## DATA SECTION:
____
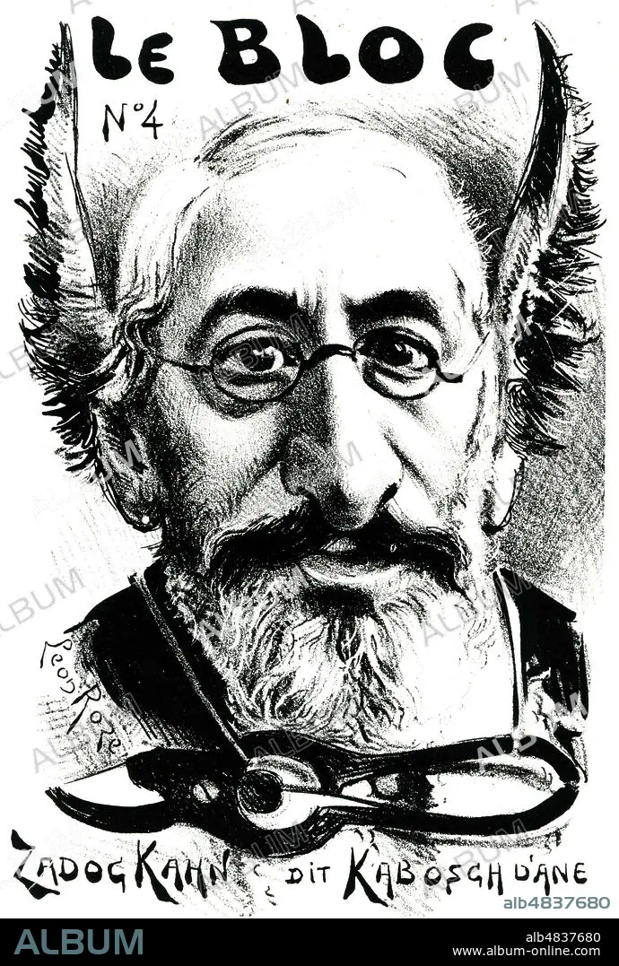 'Zadoc Kahn (1839-1905) dit Kabosch d'ane'. Caricature par Leon Roze pour la publication antidreyfusarde Le Bloc n°4, vers 1897. Credit : Collection KHARBINE-TAPABOR.
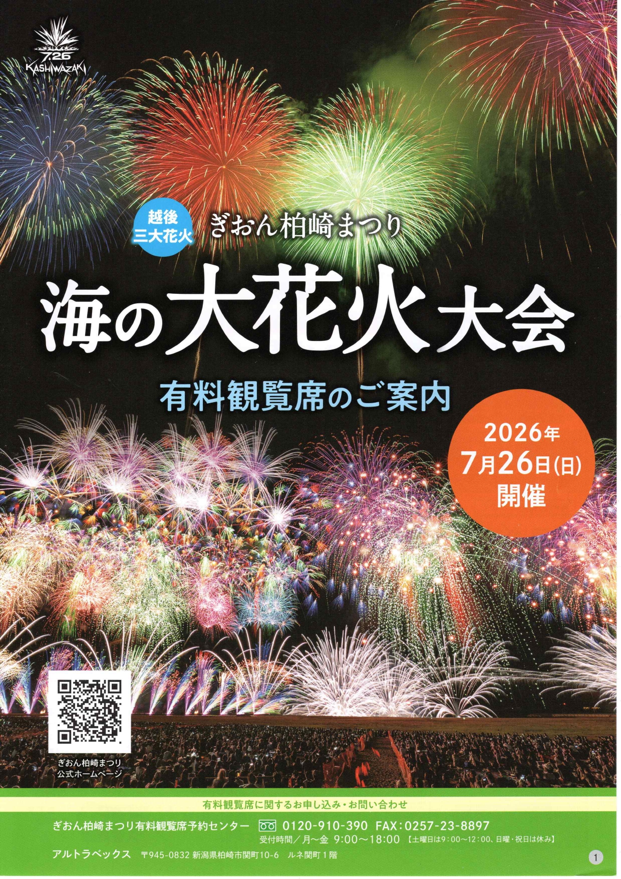 [ひまわり旅行柏崎] 【2026年】柏崎「海の大花火大会」開催決定!チケット予約代行承ります
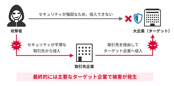 関連企業が見せたひとつのスキが、大元の企業の業務に大きな影響を与えてしまうという典型例です。
____
## WHAT YOU WILL DO:
Copy the listing exactly, omitting pictures.

## PROBLEM SOLUTION:
 'Zadoc Kahn (1839-1905) dit Kabosch d'ane'. Caricature par Leon Roze pour la publication antidreyfusarde Le Bloc n°4, vers 1897. Credit : Collection KHARBINE-TAPABOR.
 [ひまわり旅行柏崎] 【2026年】柏崎「海の大花火大会」開催決定!チケット予約代行承ります
 関連企業が見せたひとつのスキが、大元の企業の業務に大きな影響を与えてしまうという典型例です。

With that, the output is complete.